Díli, 06 jul (Lusa) - Um
ex-diplomata da ONU que fez parte da equipa de Timor-Leste espiada pela
Austrália em 2004, condenou hoje a decisão da justiça australiana em julgar
dois homens que revelaram esta operação de espionagem.
Em declarações ao jornal The
Guardian, Peter Galbraith considerou a acusação aos dois homens uma ação
"vingativa e sem sentido", quando o que a Austrália devia fazer era esquecer
este "episódio pouco edificante".
No final de junho, o Ministério
Público australiano decidiu acusar o antigo agente dos serviços de informação
australiano, conhecido apenas por 'testemunha K' e o seu advogado, Bernard
Collaery, de conspiração, num julgamento que deve começar a 25 de julho.
Os dois foram acusados de revelar
informação secreta, segundo um comunicado do Ministério Público. Caso sejam
considerados culpados em julgamento enfrentam uma pena máxima de dois anos de
prisão.
Peter Galbraith, diplomata
norte-americano ao serviço das Nações Unidas em Timor-Leste em 2004, fez parte
da equipa timorense que estava em negociações com a Austrália sobre o futuro do
Mar de Timor, altura em que Camberra usou a cobertura de um suposto programa
humanitário para colocar equipamento de espionagem nos espaços principais do
Palácio do Governo em Díli.
Galbraith insistiu que a operação
de espionagem conduzida contra ele e outros funcionários de Timor-Leste foi
"claramente um crime" à luz da lei internacional.
"É apenas vingativo e
inútil, é hora de seguir em frente. Finalmente, depois de 18 anos, a Austrália
fez a coisa certa [assinando o tratado de petróleo e gás em março desde ano].
Aceite os elogios, que são merecidos, e siga em frente", considerou.
A notícia da acusação está a
causar polémica na Austrália, tanto pelos fundamentos em si como pelo facto da
audiência poder vir a ser realizada à porta fechada.
Essa possibilidade foi já
criticada por vários altos quadros da justiça australiana, incluindo um ex-juiz
do Tribunal Supremo de Nova Gales do Sul, Anthony Whealy, que disse que tal
medida seria "perturbadora".
"A noção de que se pode ter
um julgamento secreto, sem um júri, e mandar alguém para a prisão dois anos - é
muito chocante", acrescentou Galbraith.
Em declarações à imprensa na
semana passada, o advogado Bernard Collaery afirmou que o seu cliente não era
um denunciador tendo utilizado os canais internos apropriados para levantar
preocupações sobre operação de espionagem.

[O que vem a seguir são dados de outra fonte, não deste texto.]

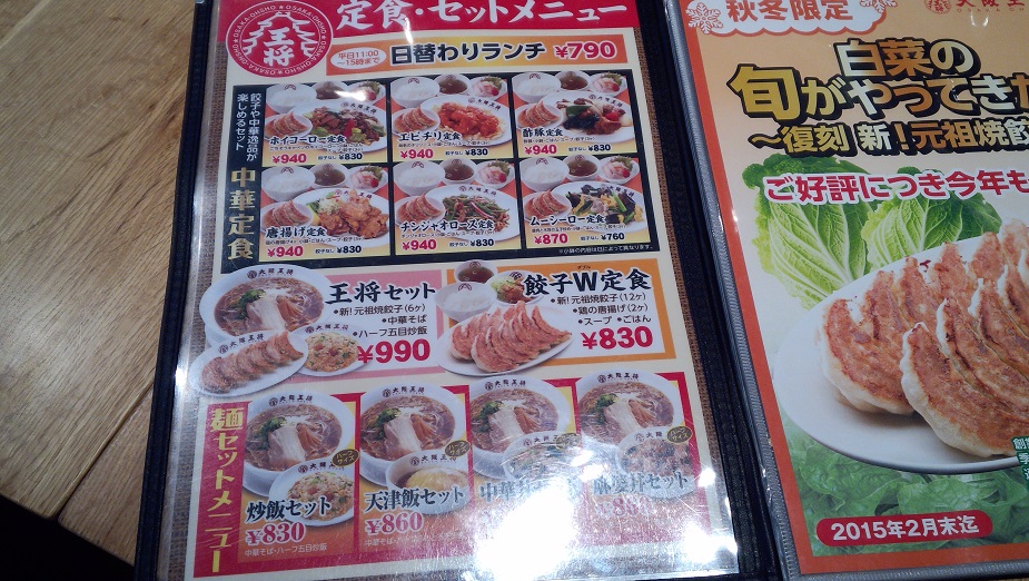 「王将セット」(餃子6個+ハーフ五目チャーハン+中華そば)を注文

De acordo com o advogado, a Testemunha
K apresentou uma reclamação ao inspetor geral de inteligência e segurança e
recebeu permissão para divulgar a operação.
O procurador-geral, Christian
Porter, disse na semana passada que a decisão de processar a 'Testemunha K' e
Collaery foi feita de forma independente pelo responsável do Ministério Público
da Commonwealth.
O caso, que só foi descoberto em
2013, causou um dos momentos de maior tensão diplomática entre Díli e Camberra,
especialmente porque a espionagem foi feita quando os dois países negociavam as
fronteiras marítimas.
A 'testemunha K' foi a chave da
denúncia apresentada por Timor-Leste contra a Austrália por espiar o Governo
timorense durante as negociações prévias de um acordo em 2004, com o objetivo
de favorecer a Austrália e o consórcio australiano liderado pela Woodside
Petroleum.
As acusações foram conhecidas
quando o legislador independente Andrew Wilkie, um ex-agente do serviço de
informações que se converteu em informante, revelou-as na sede do parlamento em
Camberra.
"Este Governo quer converter
um ex-agente da ASIS e o seu advogado em criminosos", referiu Wilkie
diante do Parlamento.
A 'testemunha K' deveria ter dado
o seu testemunho no Tribunal Permanente de Arbitragem, em Haia, no caso de
espionagem apresentado por Timor-Leste, mas não pode sair da Austrália porque o
seu passaporte foi confiscado em 2012.
Timor-Leste, por fim, retirou a
acusação como um ato de boa vontade antes de assinar um acordo em março passado
com a Austrália para delimitar a sua fronteira marítima e pôr fim à disputa que
os dois países mantiveram nos últimos anos pelo controlo de uma zona que inclui
a rica reserva de petróleo e gás Greater Sunrise.